Он и после часто ловил себя на этом чувстве. Всякий раз, как только приходилось перешагивать через собственный опыт, Блинов обращался к книге. Не всегда он находил на страницах ответ, но мир, который вдруг открывался за словами, неизменно потрясал его.
6
Шуровать мы горазды!.. А мастерство — нежное свойство!
В 1924 году Блинов приехал на станцию Курган и устроился в депо слесарем. Впрочем, это лишь в биографии так: приехал, устроился.
На бирже труда Блинову сказали: «Слесаря не требуются». Жизнь в уездном городке, который все еще не мог забыть военное лихолетье и кровавый мятеж белочехов, налаживалась медленно, с трудом. Предприятия работали не на полную мощность, иные вовсе стояли. Много было безработных: лишние руки, лишние рты…
Иван остановился у дядьки — извозчика. Родственник был настоящим бирюком — мрачноватый, немногословный, а если и заговаривал когда, то в глаза не смотрел. Привыкший жить среди сверстников, Иван остро чувствовал холодок и равнодушие взрослых.
С утра он уходил искать работу. Если дело случалось, хотя бы и не на полный день, уже радовался. Но чаще возвращался ни с чем. Самое мучительное было — садиться к столу. Дядька косился, вздыхал или ронял как бы ненароком: «Пора тебе, Иван, дело иметь». Иван уходил во двор и там до полночи остервенело колол дрова. Наготовил их на две зимы вперед. В воскресенье старался не попадаться дядьке на глаза. Захватит краюшку хлеба, щепотку соли и бочком из дому. На огороде луку нарвет, спустится к озерку, хлеб достанет… Кусок не лез ему в горло, когда вспоминал он дядькины слова про «жизнь на готовых харчах».

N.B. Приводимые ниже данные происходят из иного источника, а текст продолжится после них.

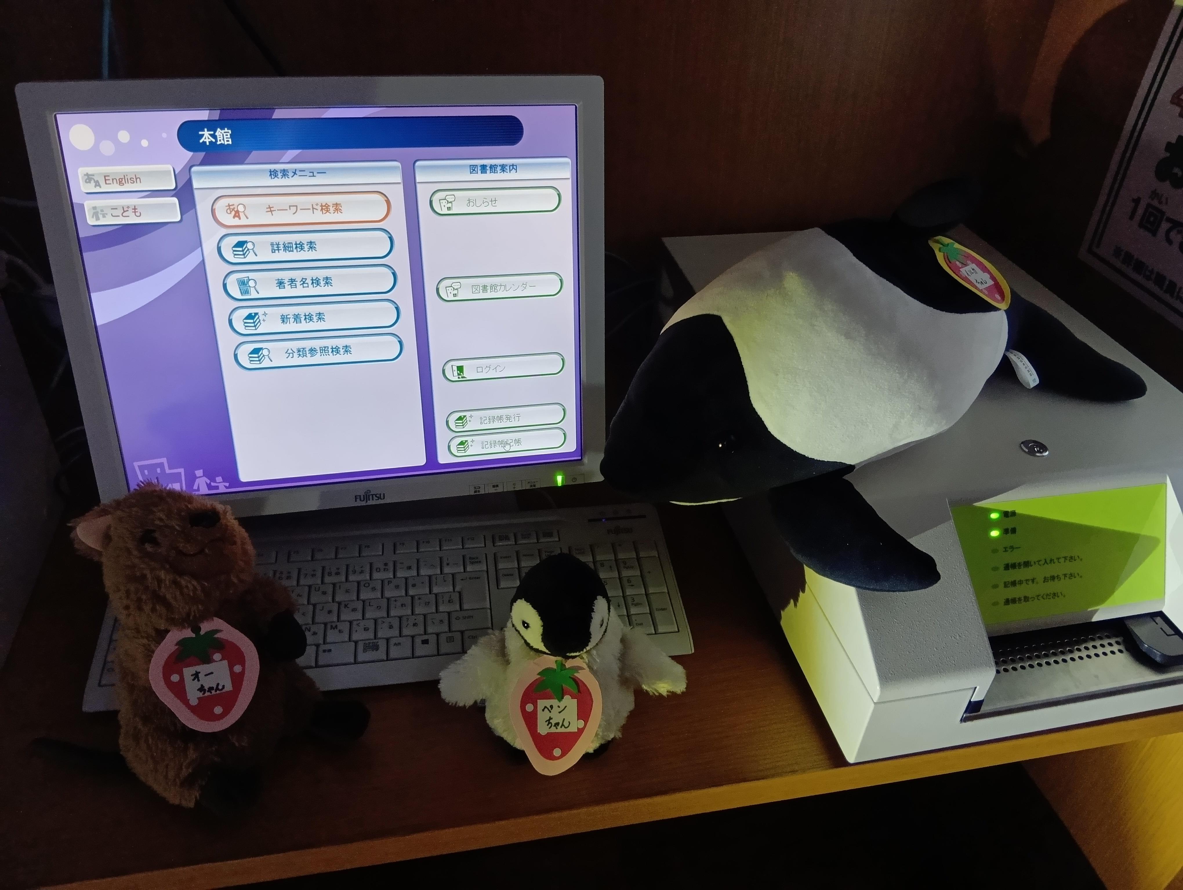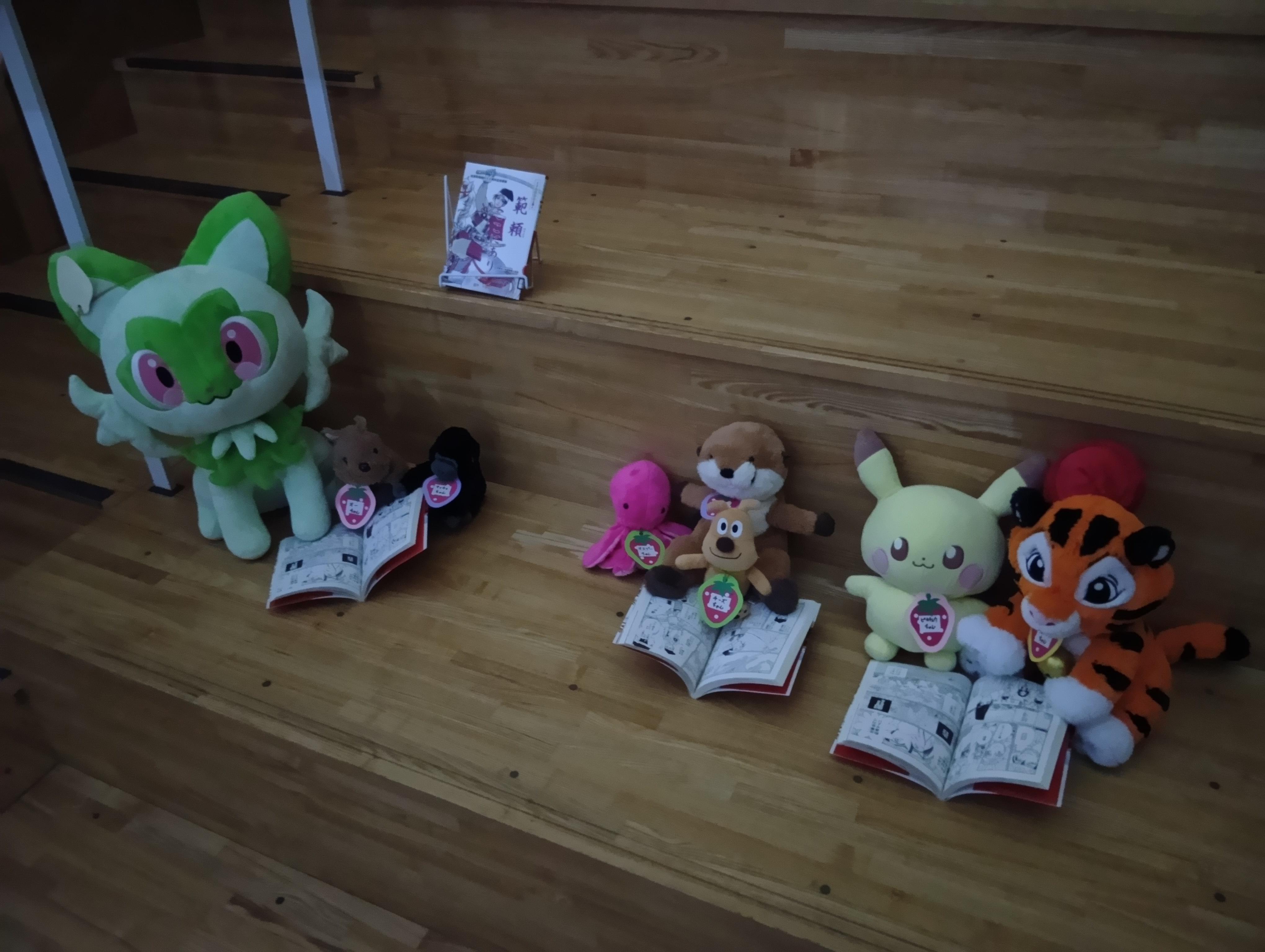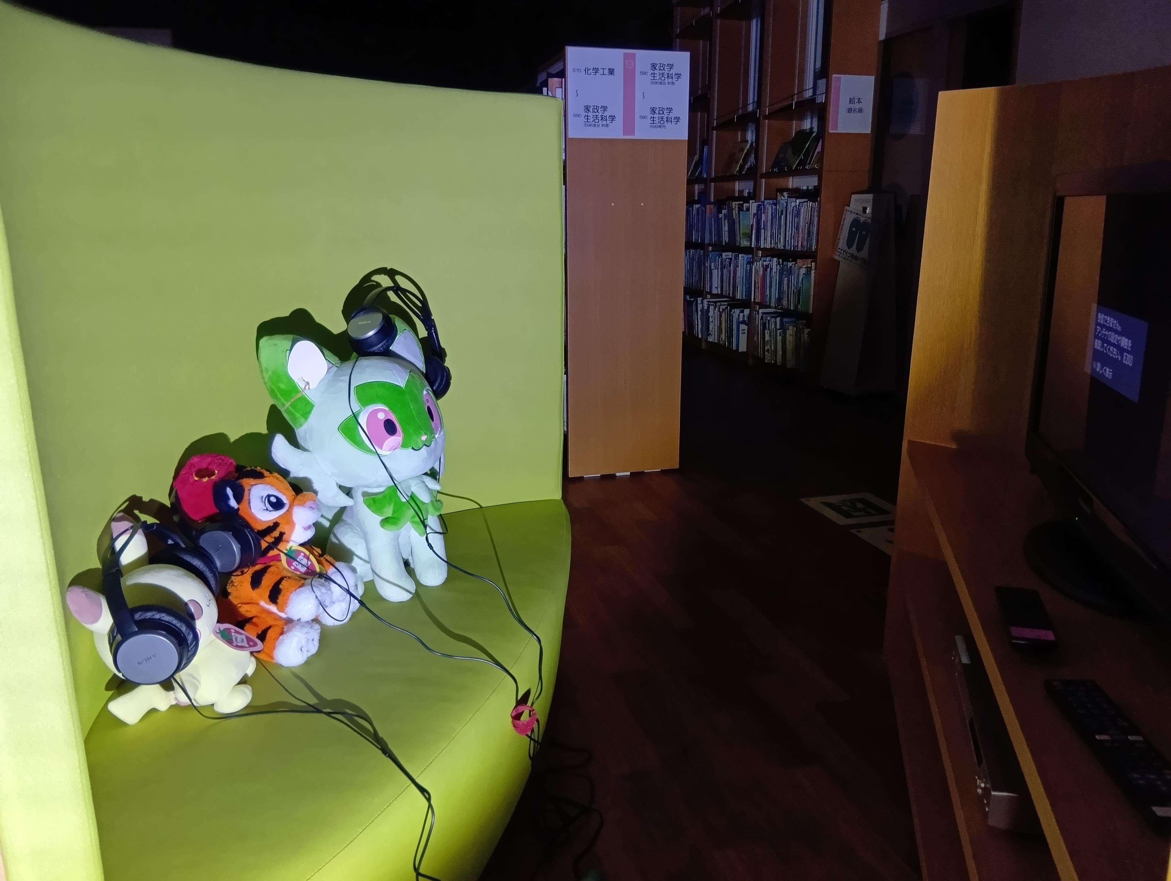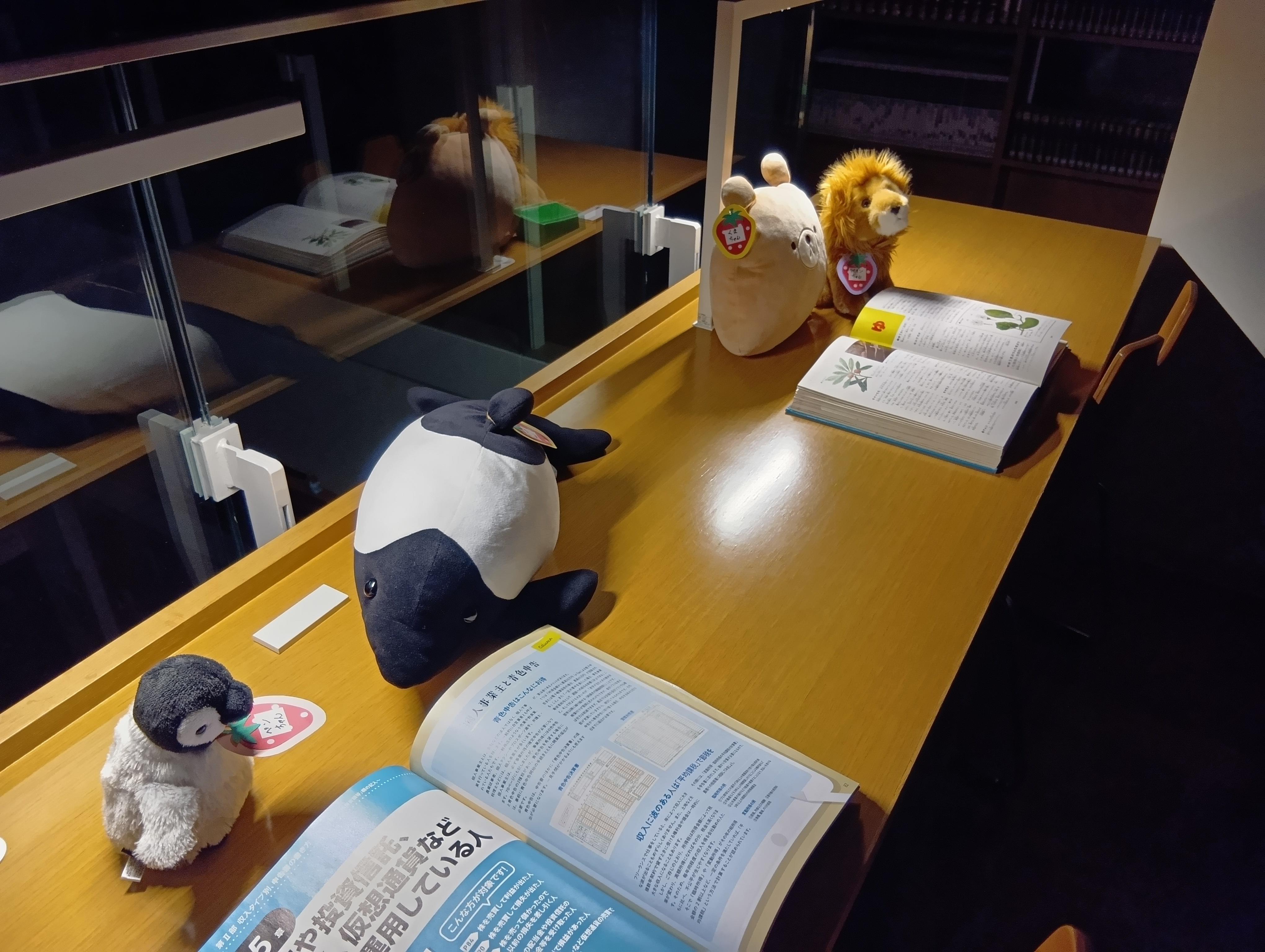【ぬいぐるみのおとまり会 その2(19時)】 ふしぎな よるとしょかん♪ ふしぎな ふしぎな よるとしょかん を ぼうけん します ここは カウンター だね つうちょう に きろく だ まんが も よめるね べんきょう しなきゃ かくだいき ってやつか DVDでも みようか ・・・つぎは20時(よる8じ)ごろです。
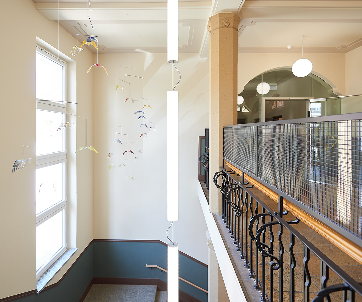 Die Allgemeinbeleuchtung der Klassen, Flure und der Bibliothek wurden mit Tulux Spin Anbau – und Pendelleuchten realisiert. Im historischen Treppenhaus beleuchtet das additive System LEAN blendungsbegrenzt und dennoch mit hohen Beleuchtungsstärken.
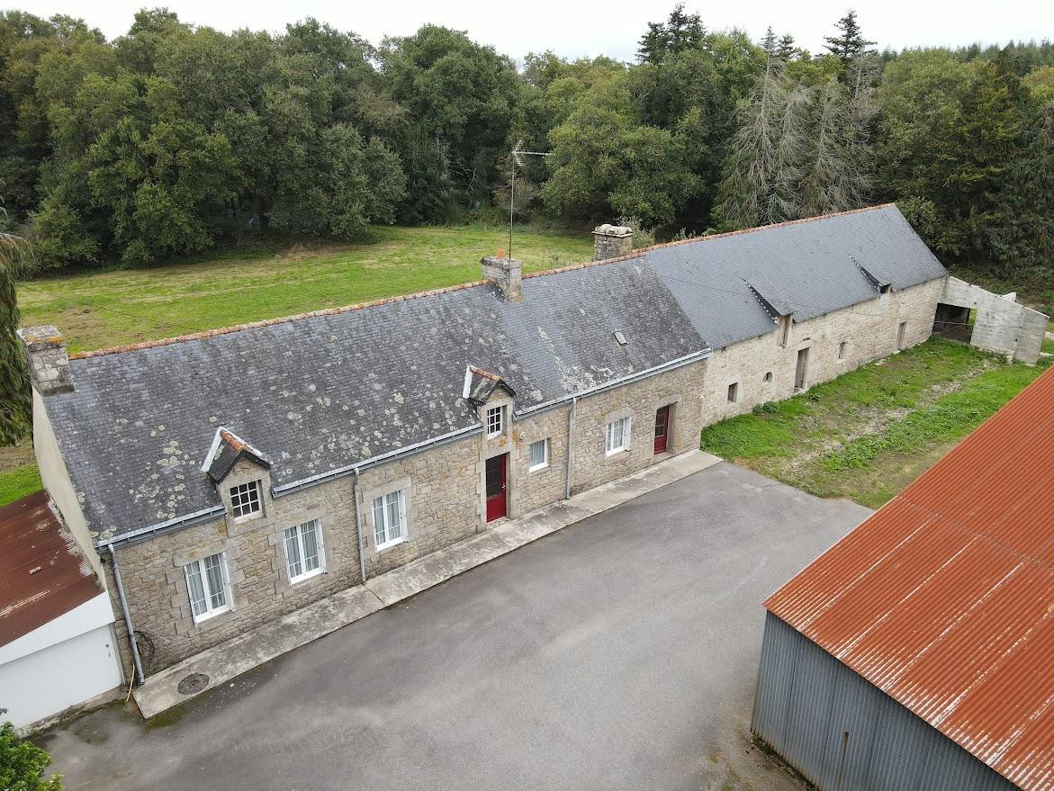 A PLOUAY (56240), dans le Morbihan, charmante propriété rurale à rénover, située en campagne, comprenant :
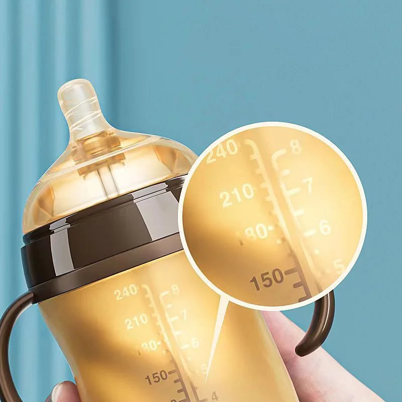 An unbreakable silent milk bottle made of stable material, resistant to drops and high temperatures, and not worried about scaring the baby even if dropped on the ground.
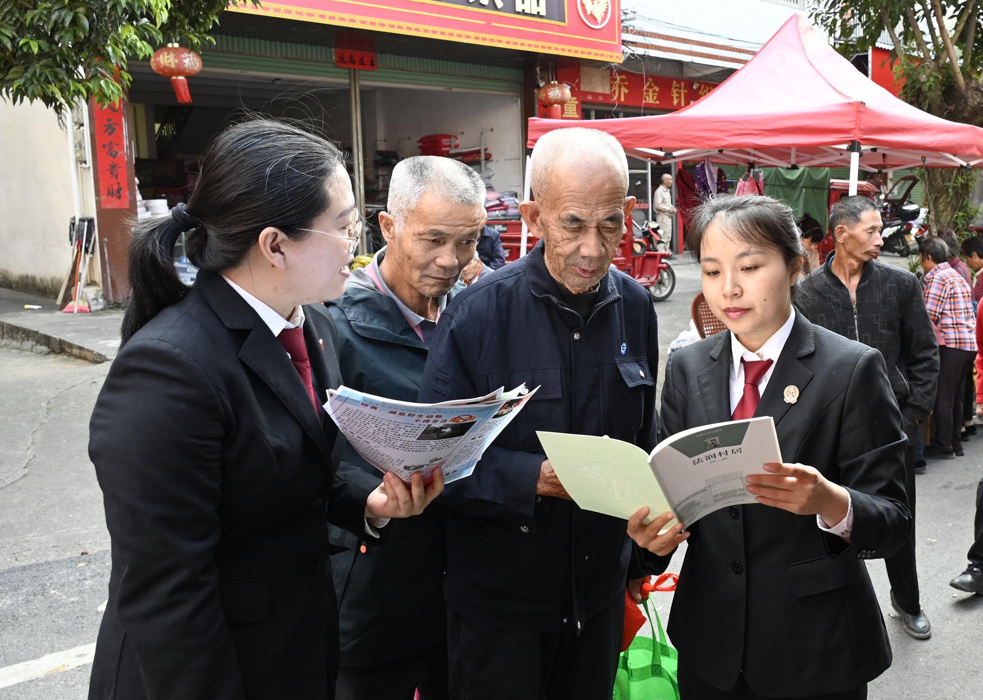 近日,上杭县人民法院联合县公安局森林警察大队前往官庄畲族乡,开展秋冬季森林防火宣传活动。图为法院干警向集镇群众讲解森林防火法律知识。 |
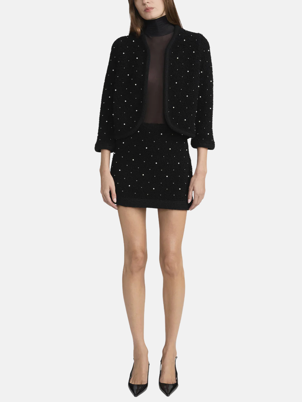 - Elegant verzierte Jacke mit funkelnden Applikationen entlang des Kragens und der Kanten für einen luxuriösen, Statement-Look
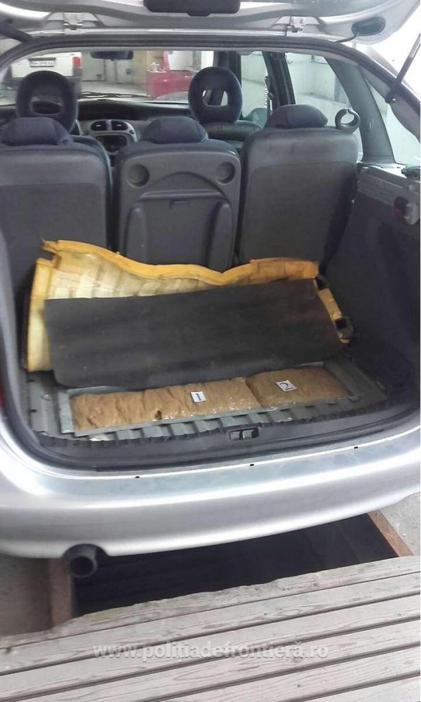În urma scanării, în spațiul special amenajat din portbagaj au fost descoperite 4 colete, ce conțineau cantitatea totală de 2,81 kg marijuana”, potrivit Poliției de Frontieră Dolj.
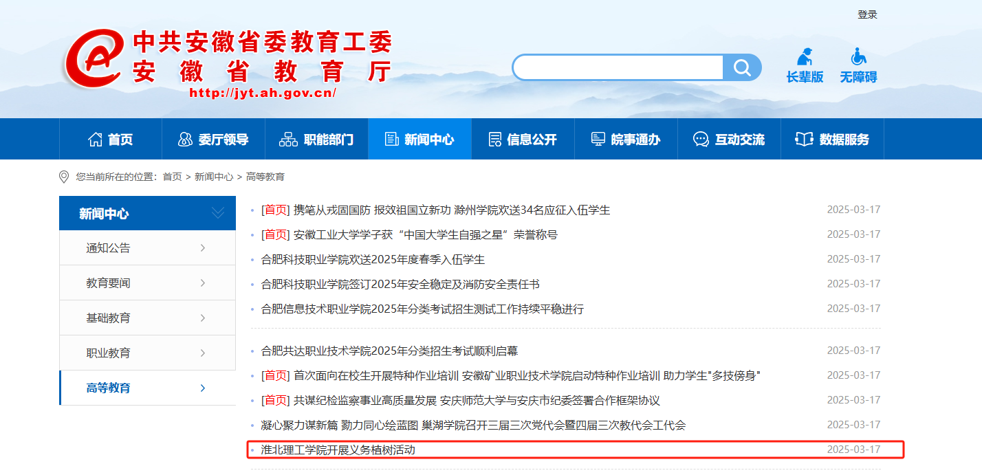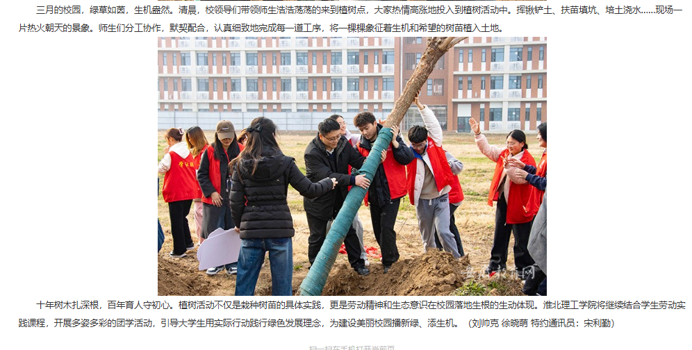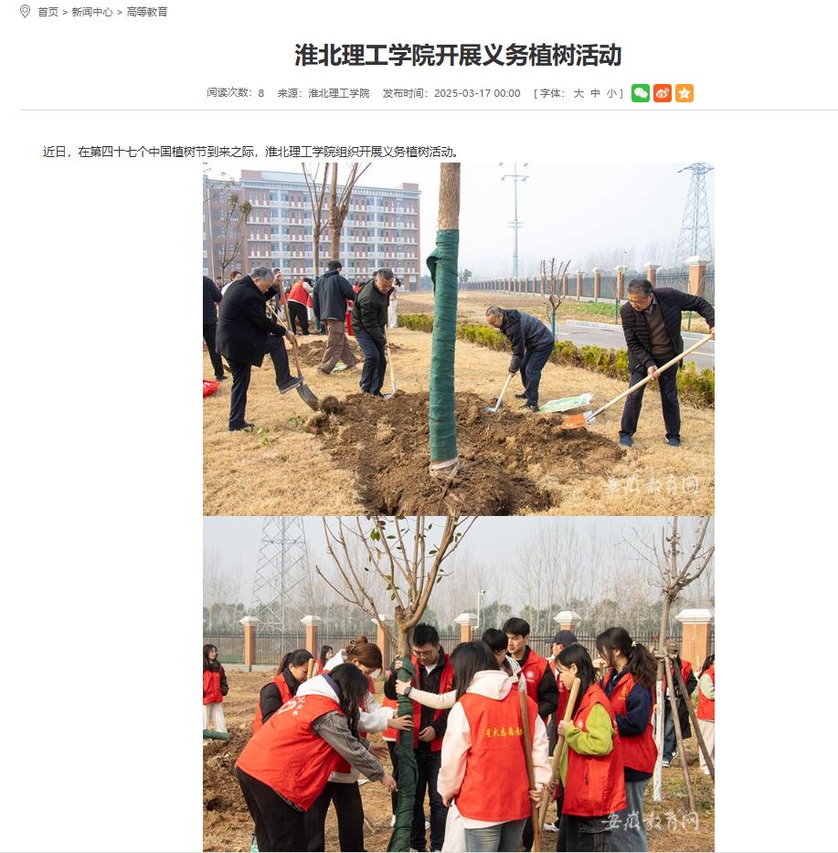 近日,在第四十七个中国植树节到来之际,beat365唯一官方网站组织开展义务植树活动。对此,安徽教育网进行了报道:
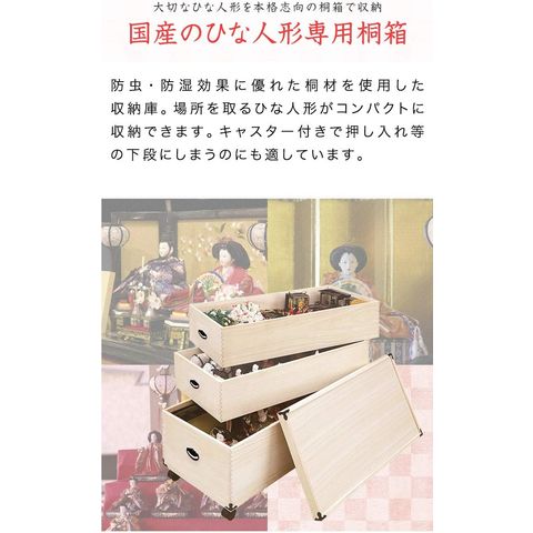 防虫・防湿効果に優れた桐材を使用した収納庫。場所を取るひな人形がコンパクトに収納できます。キャスター付きで押し入れ等の下段にしまうのにも適しています。

Поработал Иван и грузчиком, и обрубщиком литья на «турбинке», и сцепщиком, и стрелочником. Куда звали, туда и шел. Но все-таки поближе к дороге шел, к паровозам. Наконец занял привычное место за верстаком. Тут он чувствовал себя уверенно: имел восьмой слесарный разряд и работать с металлом любил.
Выполнил Иван первое задание, принес мастеру деталь. Тот долго ее в лупу рассматривал, а потом говорит: «Хорошо, Блинов. Дадим тебе седьмой разряд». То есть, это он должен был понимать, какой милости и какой чести сподобился — слесарь ремонтных мастерских!
Машины были рядом и к ним снова тянуло. Но так же, как и десять лет назад, Иван только провожал поезда, а мысли его гуляли за стенами мастерской: пути, переезды, мосты, огни… Иногда посреди работы он вдруг застывал, прислушивался: откуда-то издалека летел гул работающего паровоза.
Блинов рассказывает:
— Давай, давай, — торопит мастер. — Стою над тисами, а все мысли там, в будке машиниста. Говорю мастеру: буду работать сколько надо, только отпустите через год на паровоз. А он мне: ладно, посмотрим. Этим и пользовался. Чуть что: Ваня, останься вечеровать, работенка внеурочная подвалила. Остаюсь, о чем разговор. А после снова за свое: отпустите.
Я в ту пору слов таких, как «романтика», не знал, но, думаю, чувствовал при виде машин что-то похожее. На паровозы мог смотреть бесконечно, любовался ими, переживал за них. Проводишь состав и думаешь: как он там на перегоне? Или дома, за ужином: как он на станцию пришел? Вот это особенно почему-то было интересно — как приходит поезд на чужую станцию. Вся картина волновала, любые мелочи: как машинист выглянул в окошко, что сделал, что сказал помощнику…
Как-то набрался смелости, подошел к знакомому машинисту.
— Можно с вами до Варгашей доехать?
— Да ты только с работы.
— Ничего, — говорю, а сам волнуюсь: боюсь, откажет. — Ничего, я не помешаю.
— Раз так — валяй в будку.
Поехали. Не помню себя от радости — совсем мальчишка! Пристроился в уголке, дышать боюсь. Не заметил, как до Варгашей добрались.
Снова к машинисту.
— А до Лебяжки можно?
— Давай!
Едем дальше. Неловко без дела сидеть, бригада-то работает. Наделал им по дороге фитилей, масленки приготовил — отрабатываю свое. К помощнику присматриваюсь. Кочегарить — дело простое: подавай уголь с тендера в лоток. А топить — это искусство. Помощник как даст лопатой, с пристуком, с этаким вывертом, а уголь у него летит ровно, рассеивается и сгорает в момент.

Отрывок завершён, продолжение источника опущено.